We've had the distinct pleasure to be part of an absolutely excellent year of non-fiction entries in the festival. Everyone is at the top of their game in our category, and it feels damn good.
Today, we saw "Waiting for Superman" an infuriating and sometimes deflating new film directed by Davis Guggenheim. This ambitious doc takes on the failed public school system and reveals the often-humiliating process that low-income parents and their children have to endure to get a decent education. It describes the "drop out factories" in city school districts and spends time with the kids and parents who are suffering from this system. This topic is near and dear to us, as we filmed for an entire year for our first film "The Boys of Baraka" inside a middle school in Baltimore , which we often refer to as "the mental institution." We saw it first hand, and it's the greatest shame of this nation.
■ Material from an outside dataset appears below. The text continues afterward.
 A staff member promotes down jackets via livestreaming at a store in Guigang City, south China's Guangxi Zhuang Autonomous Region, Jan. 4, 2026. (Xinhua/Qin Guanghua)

The film spends a lot of time with various education reformers including Michelle Rhee who, as Washington D.C.'s controversial schools chancellor (and the 7th chancellor in 10 years), has shaken up the status quo but is ultimately stymied by the unions and the bureaucrats. The film is packed with facts and figures that will hopefully shock people to action, as there is no doubt that as our education system goes, so goes the country. Particularly disturbing in the film is the description of "the dance of the lemons" (also called "pass the trash," the "turkey trot" and "the rubber room"), which brings to light the absolutely hideous yearly custom of trading all the teachers who have had serious problems in their schools to other public schools. The system can't actually get rid of them; it just trades them off to some other parent's kid.
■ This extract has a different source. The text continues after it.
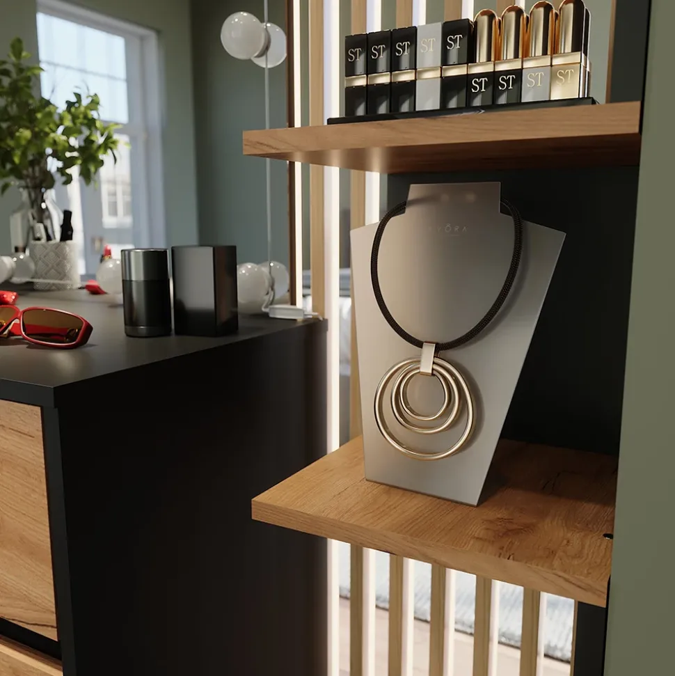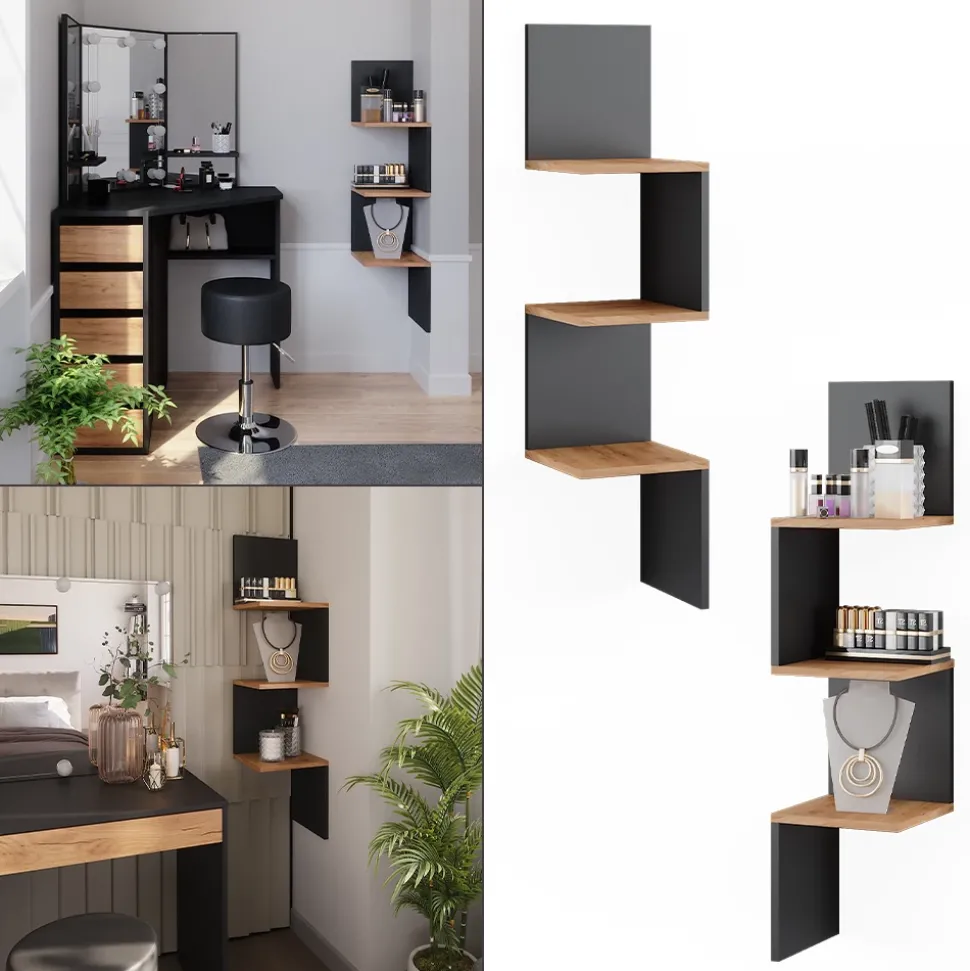 Das Eckregal Paolo ist ein vielseitiges Möbelstück, das nicht nur praktischen Stauraum bietet, sondern auch einen Hauch von Eleganz in Ihr Zuhause bringt. Mit seinen cleveren Funktionen als hängendes Design ist es perfekt für diejenigen, die ihr Zuhause stilvoll und organisiert gestalten möchten. Stellen Sie sich vor, wie dieses Regal Ihre Lieblingsbücher, Dekorationsgegenstände und Erinnerungsstücke zur Schau stellt und gleichzeitig Ihre Räume auf eine einzigartige Weise schmückt. Gönnen Sie sich das Eckregal Paolo und verleihen Sie Ihrem Zuhause einen Hauch von Raffinesse und Gemütlichkeit.

Another winner of a film is "Life 2.0" which reveals the phenomenon of "Second Life," a fascinating train wreck of a social experiment that is uncomfortably revealing about where we are as a society. People invent their avatar, and then actually build a second life online, where they can be anything they dream: rich, attractive, popular. A sexy, thin avatar named Asri Falcone is a mini-mogul in Second Life, building homes and living a life of luxury. Her creator is an obese Detroiter, chain-smoking in her mother's basement, but reality and fiction become hazy and confusing after 15-hour days in this alternative reality. I was alarmed at the millions of people that were spending the majority of their "earthly" time in this fantasy world. Extremely weird.
OK, tonight is the awards ceremony and there is some seriously tough competition. Regardless, we've had an incredible ride showing our film to some of the smartest, toughest audiences we've ever had. We couldn't really ask for anything more.